On the basement level I was in search of the quipa pattern book I spotted in one of the shops. Unfortunately I couldn’t find one.

But, I saw this woman making strings of beads and beading fabric in another room. Watching her made my eyes hurt.

This woman was sewing all of the little jewelry bags that we get pieces in.

I did find someone sewing uniforms and was puzzled. I kept thinking, ‘why don’t they just order uniforms?’ But, then I realized that this *i*s where our uniforms come from! It was eye opening.

But, I did stumble upon several supply stores and stocked up.

Zippers were half a yuan each (don’t hate me) about 8 cents each. Yes. 8 cents. I bought two dozen in black and took their assorted package. Oh. Definitely wishing I had bought more of the assorted zipper packs. These are all 22 inches long.

Buttons were also 10 cents each in Xiamen. I exercised great  control I think and bought these plus a gross of plain white shirt buttons. The gross was about $5 US.

And, the things I got which made my heart soar took true trans Pacific cooperation. While shopping in the supply store I saw they had industrial serger feet. Now, we all know that Gigi has been sewing it up in Florida binding any and everything. I  know I want to buy an industrial machine within the next year or two. So, I asked how much the feet were. $4 each. Say *what*?

Apparently, ‘Great Knives’ are made in Taiwan — visible from Xiamen’s shore.

I emailed Gigi that night (her morning) asking her what feet I would want to buy so I could stock up there. To the rescue, she sent me a list of feet to look for and for the binders, she even saved me the mental (well cell phone) calculations and listed the widths in metric! In *metric*

Since I bought so many feet, they sold the binders to me at $2 a each. $2. And the regular sewing feet for the industrial? 50 cents each.

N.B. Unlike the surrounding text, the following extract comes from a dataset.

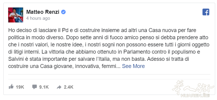 意大利《华人街》消息:前意大利前总理马泰奥·伦齐(Matteo Renzi)今日在脸书宣布脱离所属的现执政联盟中的中左翼政党民主党(PD)自立门庭。上任未几的黄红政府前景也被伦齐的脱党蒙上一层阴影。

I also bought sewing machine needles for $1.50 for a pack of 10. And, they say ‘Shanghai Shaggong Sewing Machine Company’. I would have bought them for that alone. Not pictured, two of the biggest rolls of elastic you’ve ever seen for little and nothing.

It was also on this trip that I experienced my first squat toilet. My mom warned me. Katharine in Brussels warned me (omg K. Thank you for telling me about the spitting before I got there). But, it’s something to behold the first time. If you think you won’t use one. Then, you just just don’t have to go badly enough. To be honest, in a skirt, it’s far more sanitary that a sit down toilet. But, I was not coordinated enough to work it out with pants.

BTW, it was hotter than hell in Xiamen

The only makeup I wore for ten days was Neutorgena sunblock. Which, sadly, dried white in my eyebrows and no one told me. I only realized it when I started uploading my photos, LOL.